> **Work instruction**
The lines wanted are those from the one containing "The Competition Rapid" to the last line of the entries below; output them exactly, leaving out pictures.

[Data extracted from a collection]
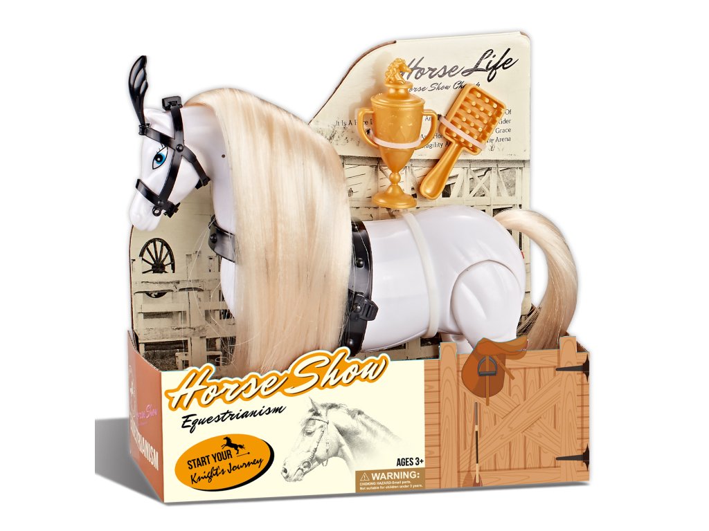 Jezdecký kůň bílý s příslušenstvím se zvukem - Koňská show
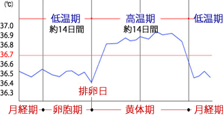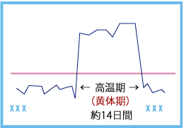 高温期(黄体期)とは、体温が上がる周期後半の約2週間を言います。
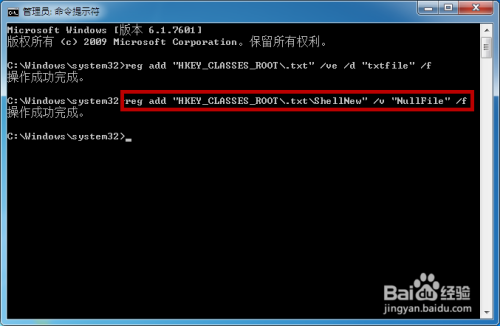 然后继续输入【reg add"HKEY_CLASSES_ROOT\.txt\ShellNew" /v"NullFile" /f】并点击确认键,比及提醒【操作当作功完当作】。
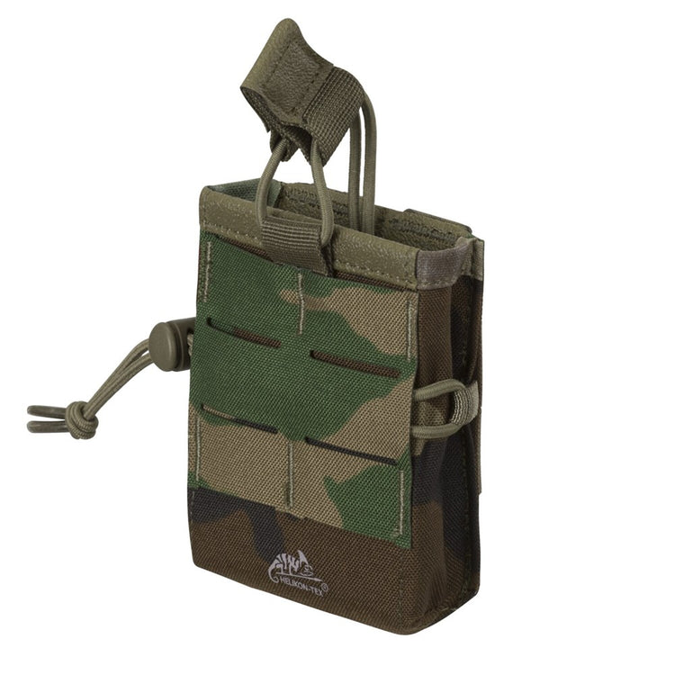 The Competition Rapid Carbine Pouch fits a single magazine (including for AR15 or AK47). It features an elastic band inside that keeps the magazine securely in place. The nylon pouch allows for safe and comfortable transport of the magazine during shooting, and its special reinforced design makes it easy to insert and remove the magazine. The magazine pouch can be attached to belts up to 50 mm wide and is also compatible with the MOLLE/PALS system. Additional pockets can also be attached to this functional pouch. Its strong fabric ensures durability.
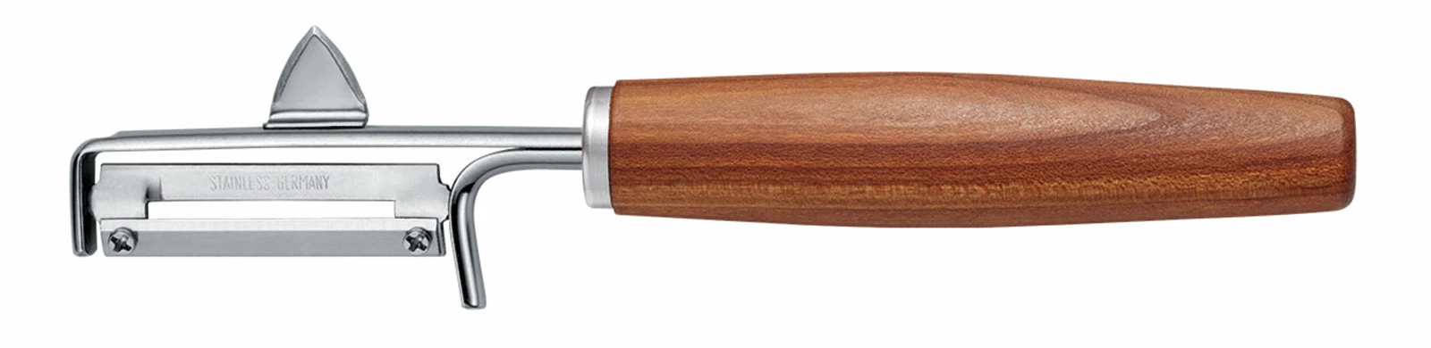 Der Pendelschäler rechts mit dem Griff aus Pflaumenholz von Triangle Solingen ist ein Qualitätsprodukt, das Ihnen lange erhalten bleiben wird. Die hochwertige Edelstahlklinge schält sparsam und kann bei Bedarf ausgetauscht werden. Der Schäler ist außerdem mit einem Dorn ausgestattet, den Sie verwenden können, um unschöne Stellen aus Gemüse und Obst zu entfernen.

> **Task solution**
 The Competition Rapid Carbine Pouch fits a single magazine (including for AR15 or AK47). It features an elastic band inside that keeps the magazine securely in place. The nylon pouch allows for safe and comfortable transport of the magazine during shooting, and its special reinforced design makes it easy to insert and remove the magazine. The magazine pouch can be attached to belts up to 50 mm wide and is also compatible with the MOLLE/PALS system. Additional pockets can also be attached to this functional pouch. Its strong fabric ensures durability.
 Der Pendelschäler rechts mit dem Griff aus Pflaumenholz von Triangle Solingen ist ein Qualitätsprodukt, das Ihnen lange erhalten bleiben wird. Die hochwertige Edelstahlklinge schält sparsam und kann bei Bedarf ausgetauscht werden. Der Schäler ist außerdem mit einem Dorn ausgestattet, den Sie verwenden können, um unschöne Stellen aus Gemüse und Obst zu entfernen.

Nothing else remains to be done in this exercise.